[WORK REQUEST]
For the records that follow, please set down exactly the lines between the one holding "При включении стенда" and the one holding "Siyah süet kadın", inclusive, and only those.

[SUPPLIED RECORDS]
'''
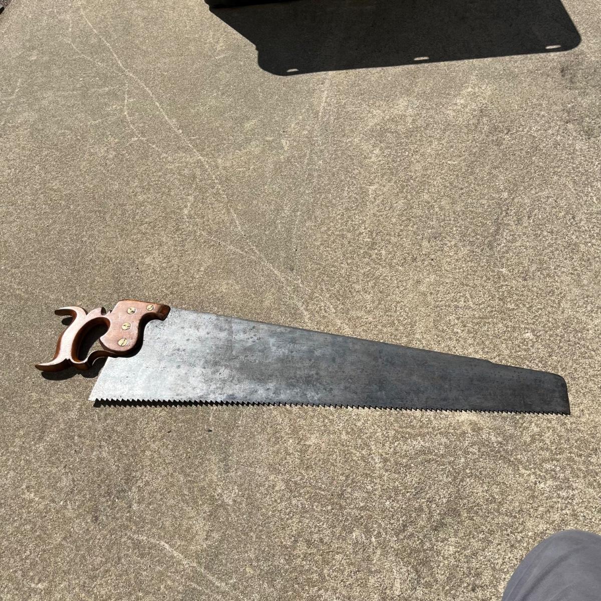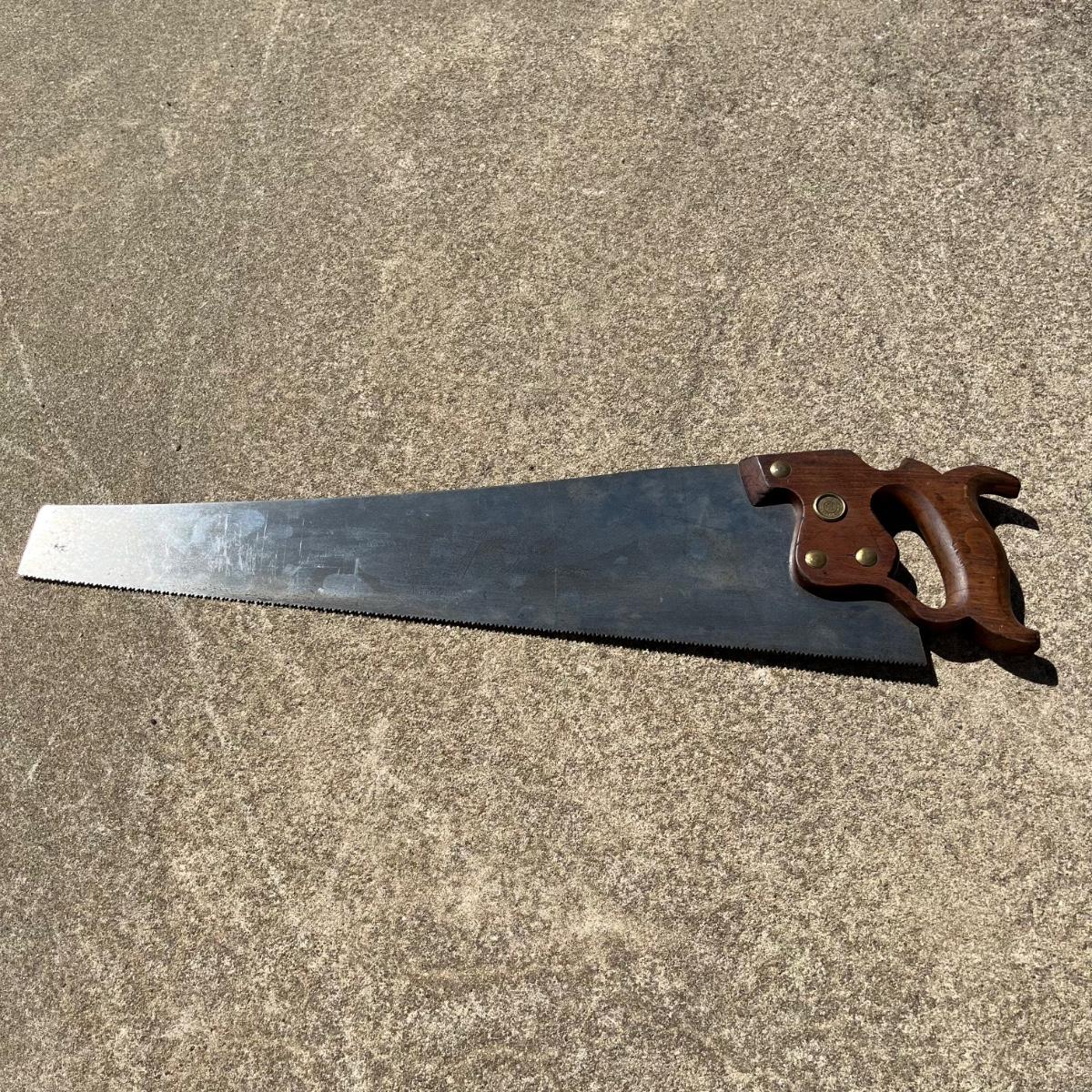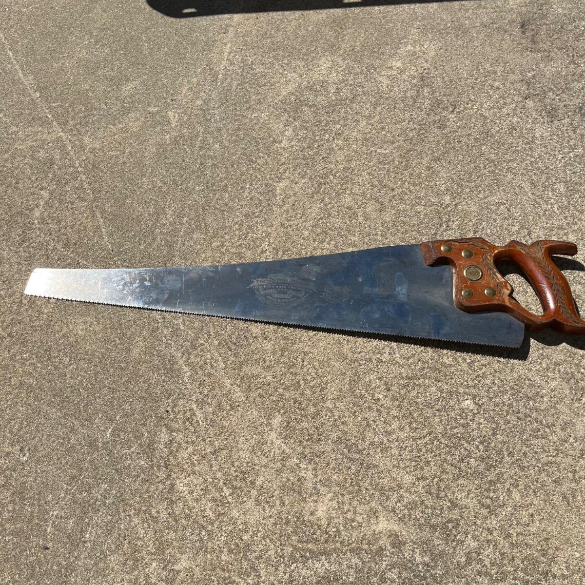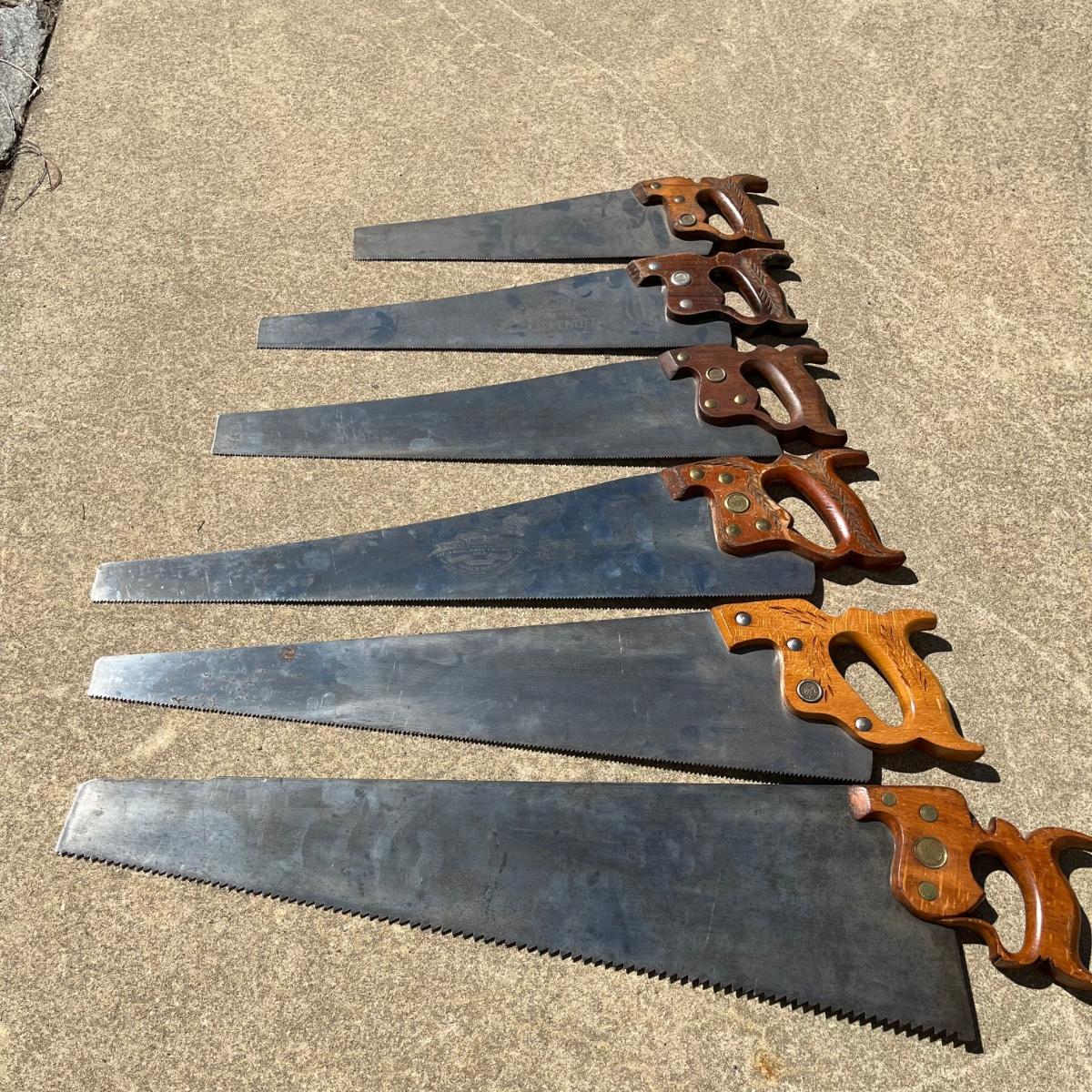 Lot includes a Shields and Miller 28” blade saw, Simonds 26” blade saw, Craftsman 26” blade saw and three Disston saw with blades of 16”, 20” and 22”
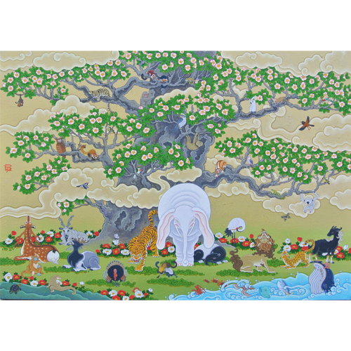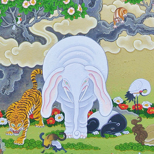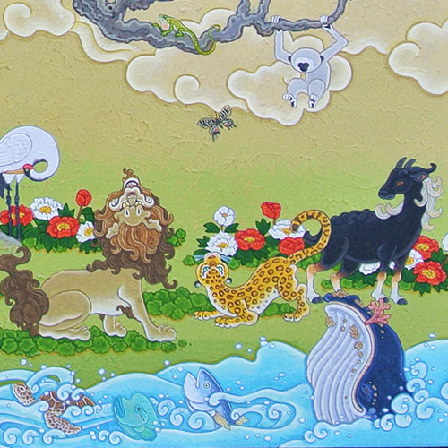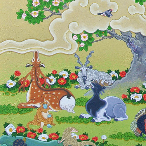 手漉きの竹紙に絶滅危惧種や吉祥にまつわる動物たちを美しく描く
'''
'''
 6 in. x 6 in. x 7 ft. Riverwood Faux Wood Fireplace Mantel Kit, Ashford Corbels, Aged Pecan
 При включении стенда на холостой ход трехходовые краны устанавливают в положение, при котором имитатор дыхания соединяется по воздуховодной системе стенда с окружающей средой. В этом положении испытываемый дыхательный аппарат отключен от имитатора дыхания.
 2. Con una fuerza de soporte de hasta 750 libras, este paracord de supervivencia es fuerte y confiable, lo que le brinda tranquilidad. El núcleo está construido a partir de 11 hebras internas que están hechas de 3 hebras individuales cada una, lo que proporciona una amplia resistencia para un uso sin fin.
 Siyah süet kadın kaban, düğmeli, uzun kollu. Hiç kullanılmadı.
'''
[ANSWER BOX]
 При включении стенда на холостой ход трехходовые краны устанавливают в положение, при котором имитатор дыхания соединяется по воздуховодной системе стенда с окружающей средой. В этом положении испытываемый дыхательный аппарат отключен от имитатора дыхания.
 2. Con una fuerza de soporte de hasta 750 libras, este paracord de supervivencia es fuerte y confiable, lo que le brinda tranquilidad. El núcleo está construido a partir de 11 hebras internas que están hechas de 3 hebras individuales cada una, lo que proporciona una amplia resistencia para un uso sin fin.
 Siyah süet kadın kaban, düğmeli, uzun kollu. Hiç kullanılmadı.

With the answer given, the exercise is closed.